Viega spread his hands wide. “Sunspots! Who knows, it could be! Be assured, my friends, that the ship is well and on its way. Thanks to young Herr Bachmann, I have been able to fix our position this morning.”
He snapped his fingers and a waiting crewman stepped forward with an old paper chart pinned to a large sheet of cardboard. Captain Viega pushed a pin in a spot in the open sea, southwest of Ireland.
“This was our position: 49 degrees, 21 minutes, 13 seconds North by 13 degrees, 47 minutes, 55 seconds West.”
Tension in the room seemed to evaporate like dew on a hot morning. They were not lost. The tiny pin in the map was reassuring. It gave them a place to identify and understand.
Not everyone was comforted. Eleanor Quarrel tucked her hands into her armpits. A red pin on a paper map? She shuddered.
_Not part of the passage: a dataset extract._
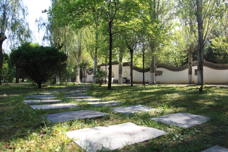順著草坪廣場的西邊小徑左拐100米,就到了牡丹園。牡丹園四周用翠綠高大茂密的松柏樹圍成正方形,中間栽種牡丹的地方則呈圓形,四角鑲鋪了綠色的草坪。牡丹園直徑100米,每當陽春四月,游人來這里,就可觀賞到國色天香的牡丹花。

Standing close by, Jenny saw her and said, “It’s all right. We’re not lost. It’s the Atlantic! There must be hundreds of ships nearby!”
“Yes, hundreds,” Eleanor said. “Are their electronics jammed, too? Maybe next time we see a ship, it will crash into us.”
Those around her turned to stare. “Don’t mind me!” she said, shaking her head. “It’s just sunspots, after all!”